> [REQUIREMENT]
Report, as a bare number, how many lines in the data contain "with".

Collection entries:
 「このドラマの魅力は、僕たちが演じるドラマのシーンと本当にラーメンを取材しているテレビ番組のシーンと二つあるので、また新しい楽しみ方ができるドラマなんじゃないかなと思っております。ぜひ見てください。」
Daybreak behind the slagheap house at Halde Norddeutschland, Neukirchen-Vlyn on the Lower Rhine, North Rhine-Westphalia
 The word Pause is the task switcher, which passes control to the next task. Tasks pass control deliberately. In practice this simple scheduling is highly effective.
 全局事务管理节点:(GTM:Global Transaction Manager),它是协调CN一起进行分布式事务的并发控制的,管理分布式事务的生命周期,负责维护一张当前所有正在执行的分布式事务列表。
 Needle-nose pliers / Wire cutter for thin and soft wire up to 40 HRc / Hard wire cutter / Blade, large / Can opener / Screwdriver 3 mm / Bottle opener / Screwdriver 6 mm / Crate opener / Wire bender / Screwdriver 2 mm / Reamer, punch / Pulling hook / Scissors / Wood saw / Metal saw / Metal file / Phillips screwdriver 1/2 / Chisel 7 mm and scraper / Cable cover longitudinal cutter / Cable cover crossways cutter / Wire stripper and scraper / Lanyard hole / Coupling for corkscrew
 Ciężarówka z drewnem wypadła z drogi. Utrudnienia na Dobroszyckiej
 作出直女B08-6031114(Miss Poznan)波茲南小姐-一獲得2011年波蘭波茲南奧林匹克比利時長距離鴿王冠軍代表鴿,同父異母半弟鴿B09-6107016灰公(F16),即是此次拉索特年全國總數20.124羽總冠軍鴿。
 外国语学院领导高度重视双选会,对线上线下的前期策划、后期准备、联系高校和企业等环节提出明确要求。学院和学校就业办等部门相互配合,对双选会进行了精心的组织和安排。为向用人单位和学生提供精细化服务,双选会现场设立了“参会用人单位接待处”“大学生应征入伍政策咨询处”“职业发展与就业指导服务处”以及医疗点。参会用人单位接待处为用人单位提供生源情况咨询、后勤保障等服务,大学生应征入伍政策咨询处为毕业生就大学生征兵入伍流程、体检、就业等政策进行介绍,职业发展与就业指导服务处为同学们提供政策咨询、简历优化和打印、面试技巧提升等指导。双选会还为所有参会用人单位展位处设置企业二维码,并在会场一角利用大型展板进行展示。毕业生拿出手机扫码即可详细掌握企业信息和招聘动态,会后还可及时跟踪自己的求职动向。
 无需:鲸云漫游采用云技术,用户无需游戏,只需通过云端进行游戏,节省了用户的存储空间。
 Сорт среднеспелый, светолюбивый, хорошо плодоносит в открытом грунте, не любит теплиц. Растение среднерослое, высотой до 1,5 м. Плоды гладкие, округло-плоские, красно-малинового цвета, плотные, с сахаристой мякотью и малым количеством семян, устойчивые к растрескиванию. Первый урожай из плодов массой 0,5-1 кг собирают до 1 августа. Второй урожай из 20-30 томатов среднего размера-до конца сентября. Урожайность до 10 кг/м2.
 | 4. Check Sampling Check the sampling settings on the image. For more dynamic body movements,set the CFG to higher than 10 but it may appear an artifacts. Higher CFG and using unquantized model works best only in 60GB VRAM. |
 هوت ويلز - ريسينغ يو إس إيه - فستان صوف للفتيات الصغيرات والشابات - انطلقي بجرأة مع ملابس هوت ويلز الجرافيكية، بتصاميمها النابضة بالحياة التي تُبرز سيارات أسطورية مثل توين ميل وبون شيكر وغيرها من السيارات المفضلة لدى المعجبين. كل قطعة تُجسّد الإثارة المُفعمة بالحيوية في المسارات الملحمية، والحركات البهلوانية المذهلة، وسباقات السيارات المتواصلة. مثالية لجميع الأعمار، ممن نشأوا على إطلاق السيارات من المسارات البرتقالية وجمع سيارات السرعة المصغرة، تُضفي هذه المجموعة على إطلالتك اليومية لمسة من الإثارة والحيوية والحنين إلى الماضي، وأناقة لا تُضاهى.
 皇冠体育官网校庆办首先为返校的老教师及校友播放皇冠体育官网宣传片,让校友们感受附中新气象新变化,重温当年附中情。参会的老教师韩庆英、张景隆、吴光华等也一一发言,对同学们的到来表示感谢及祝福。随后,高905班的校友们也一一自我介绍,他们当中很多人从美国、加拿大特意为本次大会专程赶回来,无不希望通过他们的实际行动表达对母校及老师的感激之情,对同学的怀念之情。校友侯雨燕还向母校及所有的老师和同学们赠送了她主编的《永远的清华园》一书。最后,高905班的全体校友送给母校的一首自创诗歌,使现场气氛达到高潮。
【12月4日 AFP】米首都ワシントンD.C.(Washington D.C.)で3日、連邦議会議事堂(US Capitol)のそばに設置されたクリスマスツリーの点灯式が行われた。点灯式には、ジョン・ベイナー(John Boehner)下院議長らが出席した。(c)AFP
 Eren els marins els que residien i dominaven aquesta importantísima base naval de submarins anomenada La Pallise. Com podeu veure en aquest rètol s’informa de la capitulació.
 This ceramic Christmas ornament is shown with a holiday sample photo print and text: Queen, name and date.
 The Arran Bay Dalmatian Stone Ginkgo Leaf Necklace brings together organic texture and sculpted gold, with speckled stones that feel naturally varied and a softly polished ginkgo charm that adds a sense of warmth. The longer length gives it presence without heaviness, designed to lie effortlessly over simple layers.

> [RESULT BELOW]
2